Sunday, May 27, 2007

Tagged Great White Shark, shows up in warm waters

A tagged great white shark traveled 2,200 miles at depths of up to 1,000 feet in a three month trip from near the Monterey Bay to the southern tip of the Baja Peninsula, according to data released Tuesday from the Monterey Bay Aquarium and Stanford University.

The tracking information offers a rare window into where young great white sharks go in Southern California. It paints a picture of the shark's daily life and, in this case, it shows a young shark's clear preference for warm water: The white shark moved steadily from colder Northern California waters to the warm waters of the Sea of Cortez, said John O'Sullivan, the aquarium's curator of field operations and husbandry and the white shark program's manager.

"It shows you the extensive areas that young white sharks utilize for their life," O'Sullivan said.
The data also highlights challenges facing both the United States and Mexico as the two governments work toward conservation, he added. "If they just went to the Guadalupe Islands or the Farallones, management would be easy."

The data was captured in an electronic tag about the size of a microphone that popped free on schedule from the shark about 25 miles from Cabo San Lucas on the Baja Peninsula on April 15 and was recovered eight days later in 4-foot seas.

The shark, caught last August off Los Angeles and released at the southern end of Monterey Bay in January, apparently spent days near the surface, with occasional dives to 600 feet and beyond,
according to Kevin Weng, a shark researcher at Stanford's Hopkins Marine Station.

Nights were spent oscillating in deeper waters about 250 feet. The deepest dives came at dawn and dusk. Researchers said Tuesday they can only assume the dives were for feeding, while the time at the surface was simply spent in transit to new feeding grounds.
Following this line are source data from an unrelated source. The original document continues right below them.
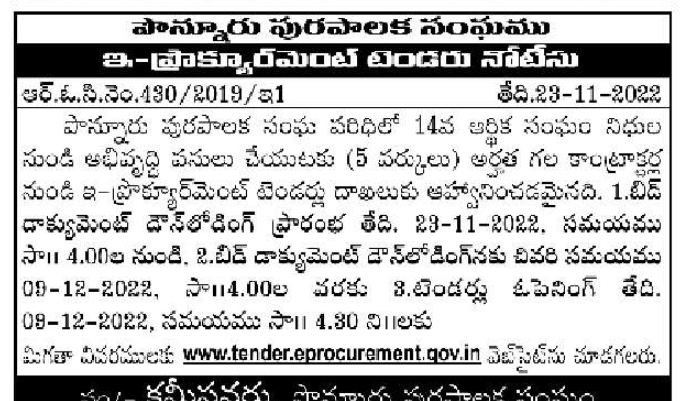 execution of development works (5 works) from 14th Finance Commission funds under Pannur Municipal Corporation.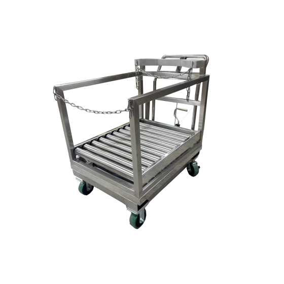 最低高度 420mm、最高高度 1080mm、最大負荷 550kg (滾輪面與地面高度)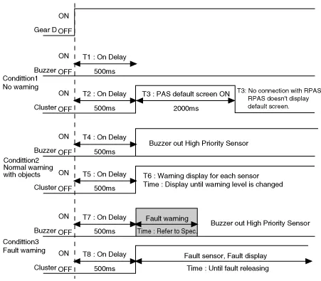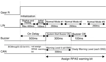 When the system has the power (after IGN ON and R gear), MICOM checks every sensor channel.In case it is not find any error, it sounds 300ms buzzer 500ms afterward.But it finds any error even a sensor, it sounds buzzer corresponding fault sensor instead of initial starting alarm. Function for normal mode entrance is as below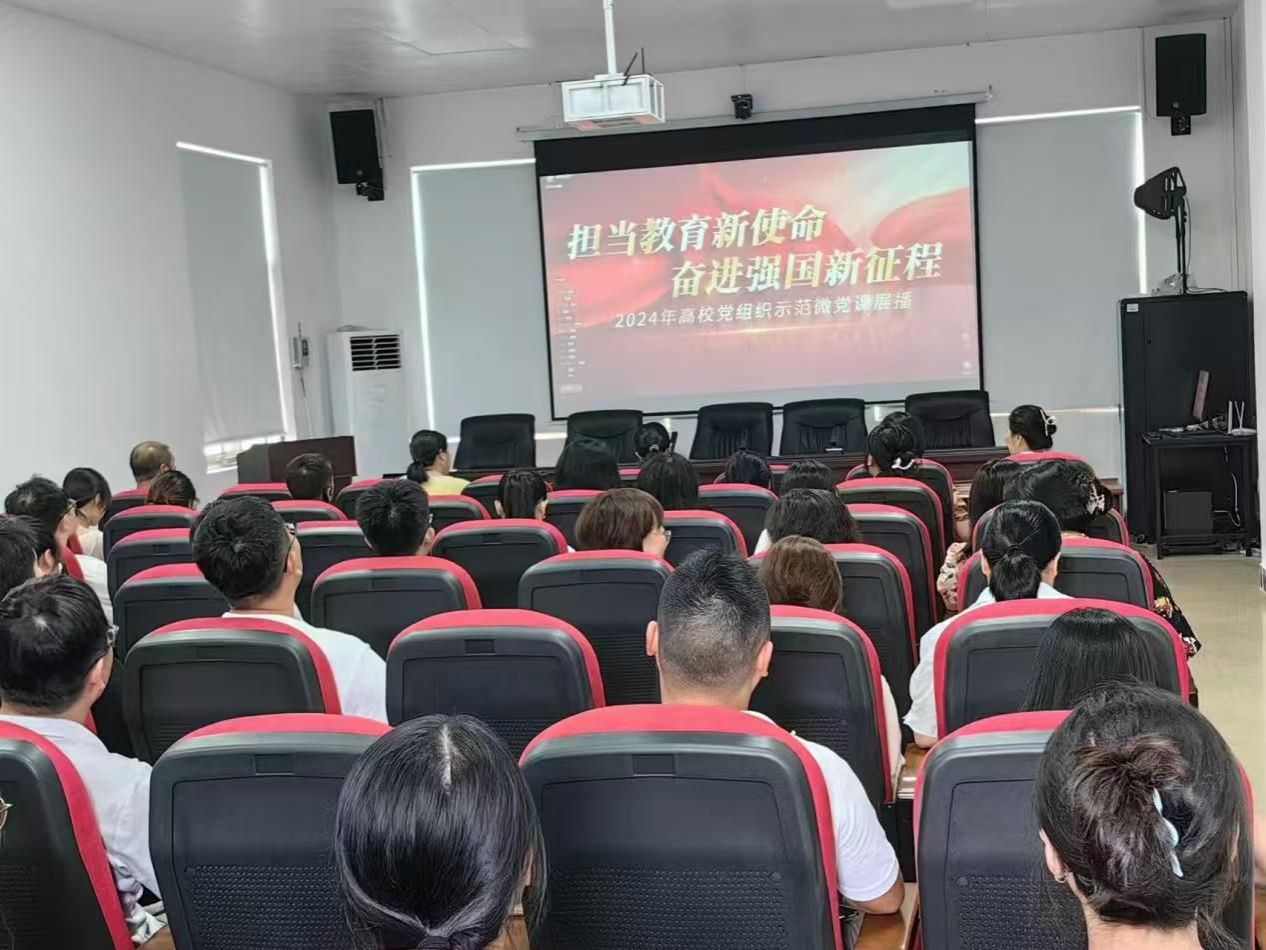 为深入贯彻习近平总书记关于建设教育强国的精神,响应“强国建设,教育何为”的时代课题,2024年9月4日下午,今年会全体教职工党员与学生党员于生科楼417室开展了集体观看高校党组织示范微党课展播的活动。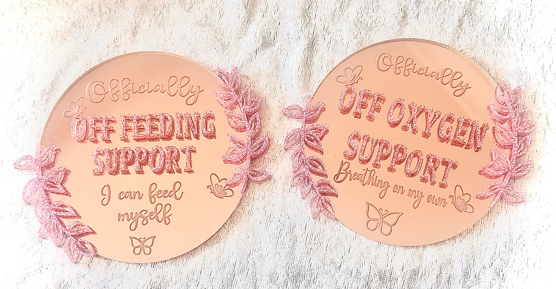 Capture and cherish every special moment in the NICU or SCN with our customisable milestone discs. From first smile to homecoming, let us help you celebrate your baby's progress with beautiful designs and personalised wording. Reduce your stress by letting me create your beautiful memories with our customised milestone discs, Just let me know what colours, wording (or just the milestone if you can’t think of what wording you like) and theme (If you want one) and I will design a few options to choose from. That simple!

The most tantalizing tidbit, researchers agreed, was where the tag released: At an important seamount at the entrance of the Sea of Cortez, the Cabrillo Seamount, known in Mexico as Bajo Cabrilla.

Seamounts -- underwater mountains that don't break the surface as islands do -- are important habitat and foraging grounds for many open ocean animals.

"The tag popped up at the entrance to the Sea of Cortez, at the southern end of the known range for juvenile white sharks," Salvador Jorgensen, a postdoctoral researcher with the aquarium and the Hopkins Marine Station, said in a statement. "Juvenile and adult white sharks have been captured inside the Sea of Cortez but we don't know whether they are born there or migrate in and out. So it's very interesting to see this juvenile show up right at the entrance."